## What you need to do
Give the data below again exactly as it stands. Omit the pictures.

## Collected material
BEGIN

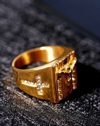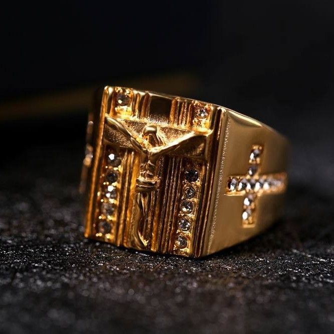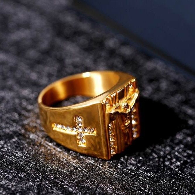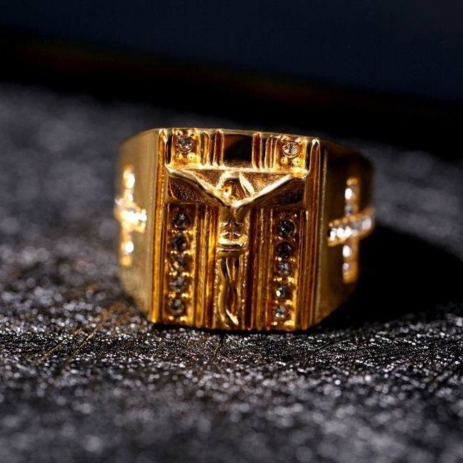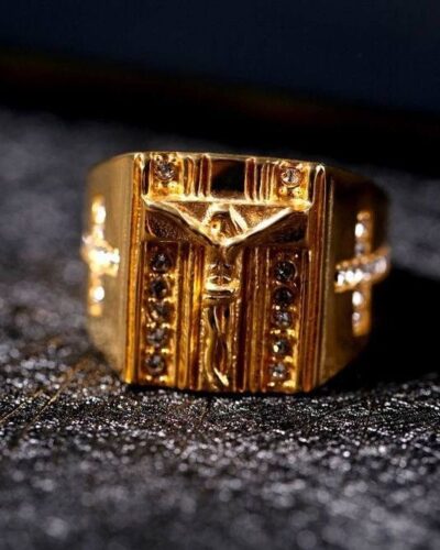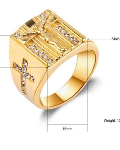 18K gold plated men’s Titanium band ring. The widened ring is specially designed for men, and it is comfortable to wear for a long time. A Jesus is carved on the front and it is plated with 18K gold, showing an elegant and generous personal taste.
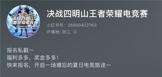 更多赛事讯息,请关注小红书@决战四明山王者荣耀电竞赛
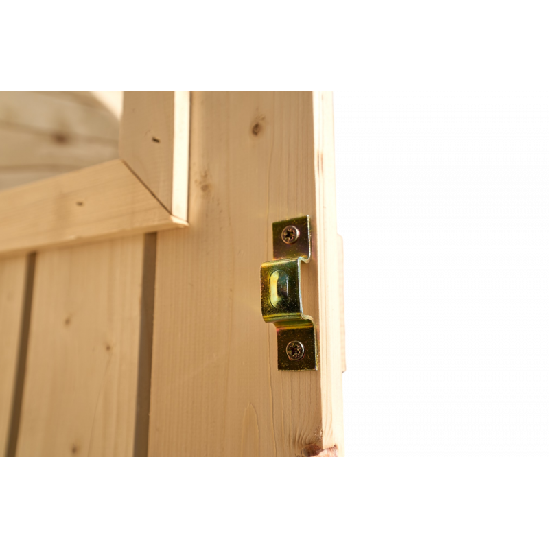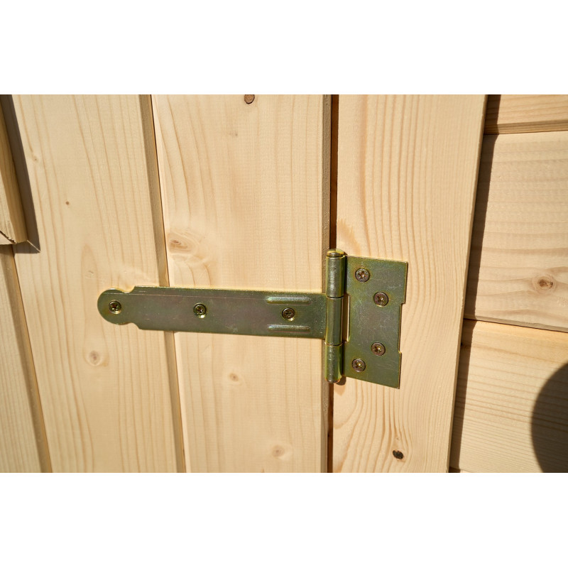 Materiale: picea (fam. Pinaceae) massello non trattatoColore: legno naturaleTrattamento: da effettuare con impregnante, interno ed esterno, subito dopo il montaggioPareti: tavolame scanalato da 20 mm con incastro chaletPavimento: non inclusoBase a terra: 195 x 195 cm (3,80 m²)Superficie utile interna: 175 x 175 cm (3,08 m²)Dimensioni totali esterne: 205 x...
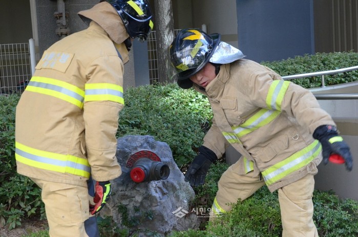 영등포소방서는 지난 9일 오후 문래동 현대힐스테이트아파트에서 '고층건축물 현지적응훈련'을 실시했다. 사진은 이날 훈련에 참여한 소방대원들이 송수관을 호스에 연결하고자 뚜껑을 열고 있는 모습.(사진제공=영등포소방서)

END

## Solution for this problem
 18K gold plated men’s Titanium band ring. The widened ring is specially designed for men, and it is comfortable to wear for a long time. A Jesus is carved on the front and it is plated with 18K gold, showing an elegant and generous personal taste.
 更多赛事讯息,请关注小红书@决战四明山王者荣耀电竞赛
 Materiale: picea (fam. Pinaceae) massello non trattatoColore: legno naturaleTrattamento: da effettuare con impregnante, interno ed esterno, subito dopo il montaggioPareti: tavolame scanalato da 20 mm con incastro chaletPavimento: non inclusoBase a terra: 195 x 195 cm (3,80 m²)Superficie utile interna: 175 x 175 cm (3,08 m²)Dimensioni totali esterne: 205 x...
 영등포소방서는 지난 9일 오후 문래동 현대힐스테이트아파트에서 '고층건축물 현지적응훈련'을 실시했다. 사진은 이날 훈련에 참여한 소방대원들이 송수관을 호스에 연결하고자 뚜껑을 열고 있는 모습.(사진제공=영등포소방서)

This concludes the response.